ProbableMonitor is optionally implemented by monitors that require external resources to be verified before they run. RequiredProbe returns a single Probe representing everything the monitor needs.

The component automatically collects RequiredProbe() from every enabled ProbableMonitor and combines them into its CompositeProbe via BuildComponentProbe.

type Probe ¶

type Probe interface {
	Probe(ctx context.Context) error
}

Probe is the minimal leaf interface for a single prerequisite check. Concrete implementations (e.g. a disk-permission or RBAC probe) satisfy this interface. Probe should block and retry internally until success or ctx cancellation; returning ctx.Err() on cancellation is the expected exit path.

type ProbeError ¶

type ProbeError struct {
	// Reason is a stable, machine-readable key (e.g. "UpgradeDirOwnershipCheckFailed").
	Reason string

	// Resolution is an actionable command or instruction the operator should run.
	Resolution string

	// Message is the human-readable error string. When empty, Error() falls back
	// to the wrapped error's message.
	Message string

	// Err is the underlying error that triggered this failure, if any.
	Err error
}

ProbeError is a kit-native error carrying an operator-facing Reason code and Resolution hint as plain struct fields. It mirrors StatusError so that the daemon boundary can build a rich StatusError without reaching for an errorx property registry — keeping daemonkit free of any consumer-model coupling.

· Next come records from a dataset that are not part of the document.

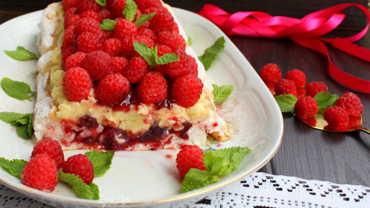 Торт "павлова" с лимонным кремом и малиновым конфи
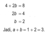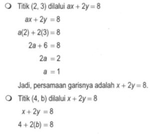 Diketahui titik-titik (2, 3) dan (4, b) dilalui oleh persamaan garis ax + 2y = 8, nilai a + b adalah ....
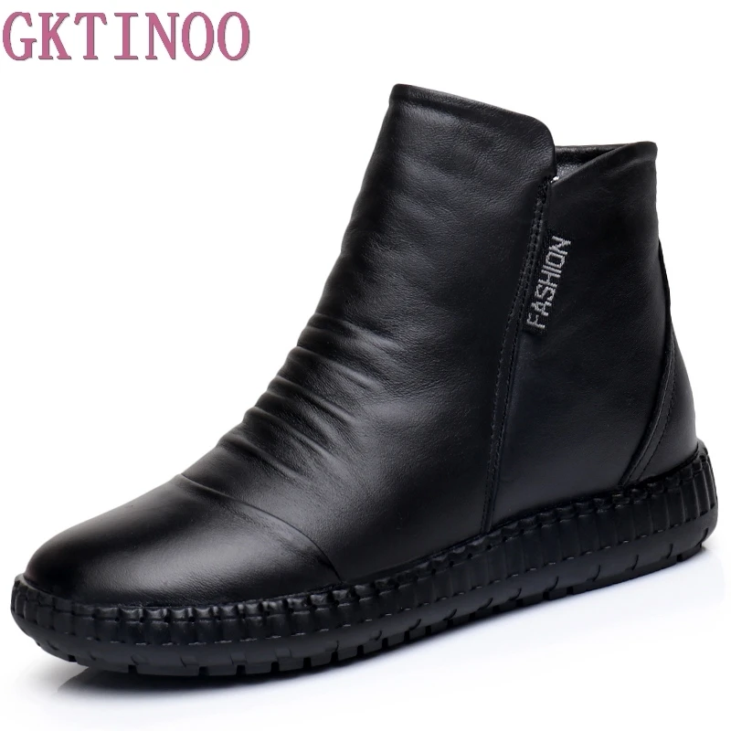 Buy New 2020 Autumn Fashion Women Genuine Leather Boots Handmade Vintage Flat Ankle Botines Shoes Woman

Callers that want doctor-layer styling re-wrap ProbeError into errorx with their own property keys at the consumer boundary; the kit itself stays dependency-light.

func (*ProbeError) Error ¶

func (e *ProbeError) Error() string

Error implements error. It prefers Message, falling back to the wrapped error.

func (*ProbeError) Unwrap ¶

func (e *ProbeError) Unwrap() error

Unwrap exposes the underlying error for errors.Is / errors.As traversal.

type Server ¶

type Server struct {
	// contains filtered or unexported fields
}

Server is the Unix socket HTTP control plane for a daemon.

func NewServer ¶

func NewServer(sockPath string, opts ServerOptions, cfg ServerConfig) *Server

NewServer constructs a Server and registers all routes.

Process-level routes (/health, /status) are always registered. Component routes are registered by calling RegisterRoutes on each entry in opts.ComponentHandlers.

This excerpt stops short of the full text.